Let us take a look at the case where $Y\equiv x_n=0$ in $\mathbb R^n$.

Let $a(\underbrace{\overbrace{x_1,\dots,x_{n-1}}^{x'},x_n}_x; \xi_n)$ be a symbol in $S^m(\mathbb R^n\times \mathbb R)$ and let us consider the following "oscillatory integral": $$ u(x)=\int_{\mathbb R} e^{ix_n\cdot \xi_n} a(x,\xi_n) d\xi_n. $$ This integral is not absolutely converging and we could define it as a distribution. Note that we may assume that $a$ is supported where $\vert \xi_n\vert\ge 1$ since the contribution of a compactly supported $a$ is a smooth function.
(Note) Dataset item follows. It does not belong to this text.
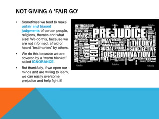 The document discusses prejudice and where it comes from. It explains that prejudice is judging someone without knowing anything about them, which can be influenced by family, friends, and media. Prejudice often comes from fears of those different in the past but now that people travel more we should respect differences. Religious prejudice still causes conflicts today. The document encourages recognizing prejudice in broad generalizations and considering how one would feel if treated unfairly for something they cannot control like race or religion.

Then we have for $\phi$ in the Schwartz space, $l\in 2\mathbb N$, formally integrating by parts, \begin{align*} \langle u,\phi\rangle_{\mathscr S',\mathscr S}&=\int_{\mathbb R^n\times\mathbb R} \vert \xi_n\vert^{-l} \vert D_{x_n}\vert^l (e^{ix_n\cdot \xi_n}) a(x,\xi_n)\phi(x) dx d\xi_n\\ &=\sum_{\alpha+\beta=l}c_{\alpha\beta}\int_{\mathbb R^n\times\mathbb R} e^{ix_n\cdot \xi_n} \vert \xi_n\vert^{-l} (D_{x_n}^\alpha a)(x,\xi_n)(D_{x_n}^\beta\phi)(x) dx d\xi_n, \end{align*} which makes sense for $l>1+m$. We can take the last integral as the definition of the duality product. We note also that $u$ can easily be differentiated with respect to $x'$ (tangential derivatives) since $\partial_{x'}a\in S^m$. However the distribution $u$ is more difficult to differentiate wrt $x_n$ since $\xi_na\in S^{1+m}$; however calculating $$ x_n\partial_{x_n} u=\int_{\mathbb R} x_n\partial_{x_n}(e^{ix_n\cdot \xi_n}) a(x,\xi_n) d\xi_n +\int_{\mathbb R} e^{ix_n\cdot \xi_n} x_n\partial_{x_n}(a)(x,\xi_n) d\xi_n. $$ $$ =\int_{\mathbb R} x_n i\xi_n e^{ix_n\cdot \xi_n} a(x,\xi_n) d\xi_n +\int_{\mathbb R} e^{ix_n\cdot \xi_n} x_n\partial_{x_n}(a)(x,\xi_n) d\xi_n. $$ $$ =\int_{\mathbb R} \partial_{\xi_n}(e^{ix_n\cdot \xi_n} )\xi_n a(x,\xi_n) d\xi_n +\int_{\mathbb R} e^{ix_n\cdot \xi_n} x_n\partial_{x_n}(a)(x,\xi_n) d\xi_n. $$ $$ =-\int_{\mathbb R} e^{ix_n\cdot \xi_n} \underbrace{\partial_{\xi_n}(\xi_n a(x,\xi_n))}_{\in S^m} d\xi_n +\int_{\mathbb R} e^{ix_n\cdot \xi_n} \underbrace{x_n\partial_{x_n}(a)(x,\xi_n)}_{\in S^m} d\xi_n. $$ We can prove in particular that the wave-front-set of $u$ is included in the conormal bundle of $Y$, i.e. $$ WF u\subset\{(x',0;0,\xi_n)\}_{x'\in \mathbb R^{n-1}, \xi_n \in \mathbb R^*}$$ Your simple layer $u(x)= \omega(x')\otimes \delta(x_n)$ with a smooth $\omega$ is indeed the prototypical conormal distribution since $$ u(x)= \int_\mathbb R\omega(x') e^{2iπ x_n\xi_n}d\xi_n. $$ It is not difficult to generalize the previous discussion to the case involving $k$ codimensions.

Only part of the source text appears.